BIRCH ICE / almond praline, red currant,  green almond, jasmine  ($10)

One of our servers called Chef Kahn “The Mad Scientist” with regards to this dessert. I was thinking “why the fuck would I eat a fishbowl of bubbles with a piece of felt on top?” But wow, this was arguably the most impressive thing I had that night. The “felt” was soft almond praline (I think), the bubbles were jasmine tea foam, and under the bubbles were red currant, green almond, and crushed ice. Everything just worked in this. So creative.


BITTER CHOCOLATE / kecap manis, oats, parsnip, brown butter, soy milk sorbet  ($11)

Like the coconut baravois, I had this one my first visit. Very good, but by far the most straight-forward dessert. And it was unable to deliver after we’ve had the previous two desserts.

The ten dishes that we had were all on the a la carte menu that night. Then what is the point of ordering the tasting menu, you ask? Well first of all, the tasting menu allows the kitchen to script a composed meal. For the most part, there was a nice progression from one dish to another. We started with two cold dishes, then an appetizer, then a veggie course, then three heavier courses, capped off with the desserts. Sounds like a plan to me. Also, the tasting menu allows the kitchen to send out what they think is best that night. While I consider myself pretty deft at ordering, I tend to order protein-heavy. So I would’ve most likely avoided Chef Kahn’s amazing vegetarian compositions, despite reading great things about them. Lastly, I did the math, and I believed Paul and I saved around $15-20 combined, if we compared what we had to the prices of those dishes on the menu (8/3/12 EDIT: fellow CH’er yangster caught a math error – we would’ve saved a combined $4. I could’ve swore we saved more. Maybe one too many drinks? Or maybe a free drink? Anyways, my bad guys).

So yeah, protip: order the tasting menu.

Chris Hei grade: A-

Red Medicine
8400 Wilshire Blvd
Beverly Hills, CA 90211
(323) 651-5500

4 thoughts on “Red Medicine (2)

  1. I think the common wisdom on CH is not to mix the uni add-on into the congee. I did a little of everything with my bowl of congee: just rice, uni + rice, egg yolk + rice, uni + egg yolk + rice. It was all delicious.

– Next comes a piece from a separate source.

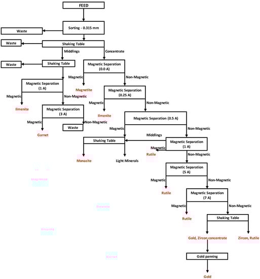 The feed for the main experiment was 1300 kg of the concentrate of heavy minerals sieved below 0.315 mm. The homogenized heavy mineral concentrate was processed on a shaking table. A simplified scheme of the whole experiment can be seen on the process flow diagram on Figure 3.

  2. Nice review BTW. I hate that the lighting is so low there after dark, and I’m not one to break out the flash and disturb other diners either. I didn’t realize they did tasting menus. Definitely the way to go. Did you each have to order it, as some places mandate for tasting menus or omakase, or did you split it with your friend?

    1. Thanks Peter. Yeah the lighting sucks there, and I’m using an iPhone 3GS (so no flash even if I wanted to disturb). They didn’t say if the entire table is required to order the tasting menu, but I’m pretty sure it is. If you get more people, I assume it’s just multiple orders of a dish and/or they’ll include a large format dish.